Facing Mt. Kenya
By: Mikki • Essay • 1,563 Words • December 21, 2009 • 951 Views
Essay title: Facing Mt. Kenya
Facing Mt. Kenya
Jomo Kenyatta someone who came from a Gikuyu tribe but he eventually adapted to the new changing Africa. Kenyatta actually was the first President and he also adapted to the Western influences by wearing a suit and driving in Cadalacs. But even though he did very well in adapting he was still very proud of his heritage and the old ways of his people. There even seems to be a tone in his writing of nostalgia, and a little bit of bitterness to the people who came in to start the change of Africa. I would judge Kenyatta’s presentation of an African society to be a very thorough study and a valid one because he did live that life while it lasted and knew what he was talking about rather than a historian from outside looking in, or even a traveler like Ibn Battuta. I think it is even better than the epic of Sundiatta as a source for the life and culture of the African people because he went into great detail to tell us what that was.
Kenyatta’s over all approach was to tell his story of his tribe. He went into great detail to talk about the ways of his people the dynamics of the tribes and the family. He puts stress on the importance of the family and that things had to be done according to tradition. You could tell that he took pride in these traditions when he talked about how he had the privilege to participate in one of the ceremonies to ask God for help. From this he explained to us what role the people thought that God played. They thought that he was busy tending to other very important things so that he could not deal with every little thing that went on in these peoples lives. That is why the family was so important, if something big did come up the whole family had to come together to ask the help of God and that way he knew that it was something important that they could not handle on their own. This is one example though of how the did have their own ways but they had a common sense too.

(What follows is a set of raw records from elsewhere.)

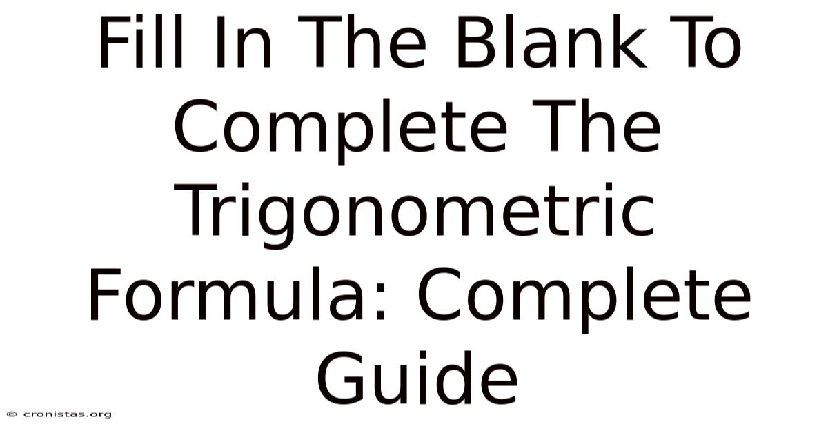 When teachers or textbooks ask you to “fill in the blank to complete the trigonometric formula,” they’re testing your grasp of a fundamental identity or relationship. Here's the thing — think of the Pythagorean identity, the double‑angle formulas, or the co‑function identities. Each of these has a standard form, and the blank is simply a missing term that you need to supply.
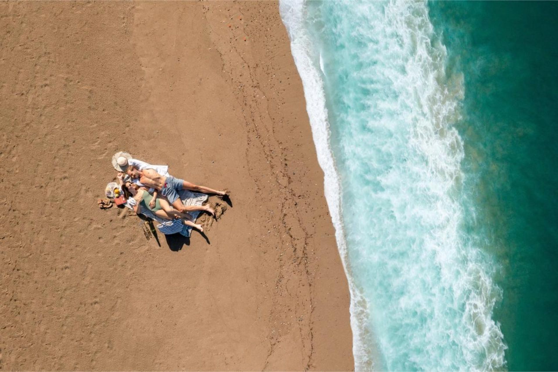 Собствен, пясъчен. Чадъри, шезлонги, матраци и плажни кърпи на плажа и при басейна - безплатно.
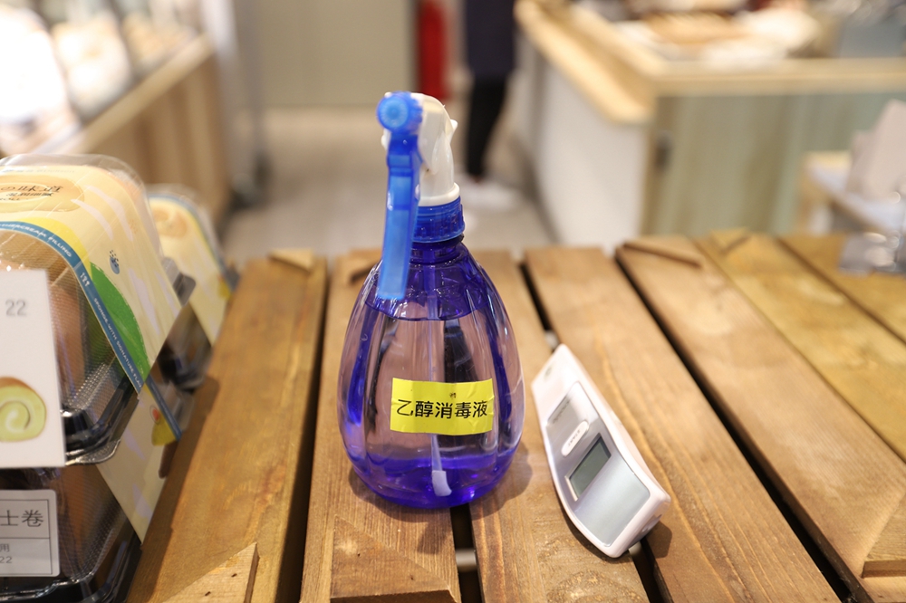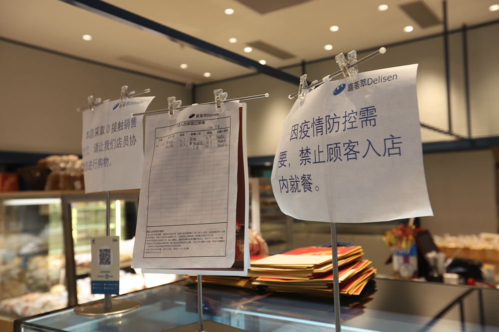 負(fù)二樓的喜薈萃是一家剛開業(yè)沒多久的面包店,記者看到里面燈光明亮、各式面包充盈貨賀,進店的通道已全部攔堵,并設(shè)置了取餐及消毒區(qū)。一名市民正在選購面包,他站在店外選好款式后,店員將面包打包好并放在取餐處,市民掃碼付款后就可以帶走了。這就是商場內(nèi)實行的“零接觸”購物。
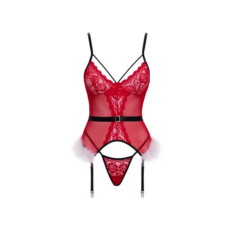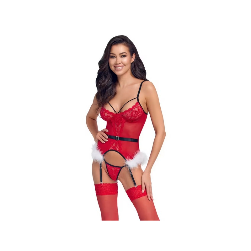 Strapshemd und String im Set X-Mas von Cottelli LINGERIE. Rotes Powernet und feine Spitze Ton in Ton. Rundum weich und elastisch für vollen Tragekomfort. Dazu schwarze Details und zarter weißer Federbesatz seitlich an den Hüften. Spitzen-Cups mit schmalen Cup-Riemchen, in der Taille vorne ein dekorativer aufgesetzter Ziergürtel. Die Träger und Strumpfhalter sind passend verstellbar. Der kleine Spitzen-String komplettiert den verführerischen Festlook.

When someone got sick they would first go to the medicine man and try their own remedies before going to God. When Kenyatta got to participate in a ceremony it was for the crops and the drought that was going on. His overall approach was to tell of his culture through stories and to explain their customs as thoroughly as possible so that it could be understood. In a way it seems like he wanted to have that life understood so that it could lead to people appreciating it as what was around before the influence of foreigners came into play. You get the sense that he doesn’t like how the foreigners came into his country and told them that basically what they were doing was wrong. For example, when talking about his religion and what they did, he said that the foreigners thought that it was witch craft and put a negative connotation with that. It sounded like he didn’t like that these people were coming in trying to change what had been going on for years and years before them. When he talks about this subject you definitely get the sense that he has a chip on his shoulder. All of these stories that he is telling are from memory. His people never wrote anything down everything was passed down orally from generation to generation.
I believe that Kenyatta’s main audience is the young people that are now living in Africa that do not know life before the foreign settlements. He wants them to know about the agriculture and the religion. He also wants them to know about how they ran things with their own form of government whether that be the family and the elders or the extended families that would get together for special circumstances. Another example of Kenyatta’s bitterness towards outside influence in respect to the government is this, “ From the ndemi generation onwards the principles of democratic government, as laid down by the first itwika, continued to function favorably until it was smashed by the British Government, who introduced a system of government very similar to the autocratic government which the Gikuyu people discarded many centuries ago.” In a way he is telling the people of his land that life was going on just fine with out the British and would have still been going on fine with out them if they had never come into play. The other audience I think is that of the outside world. To those that may not have heard of the Gikuyu before.
The audience ties into the purpose of Kenyatta’s writing this study of his own people. He was the first African to write something about the African people and their culture. He gave a first hand account of what it was like to live in the early Africa, what you did and what you were supposed to do. I believe that one of the purposes of writing this study was to educate the younger people who now live in Africa. He wanted to tell them what it was like before outside influence, what went on and how things could have still been like.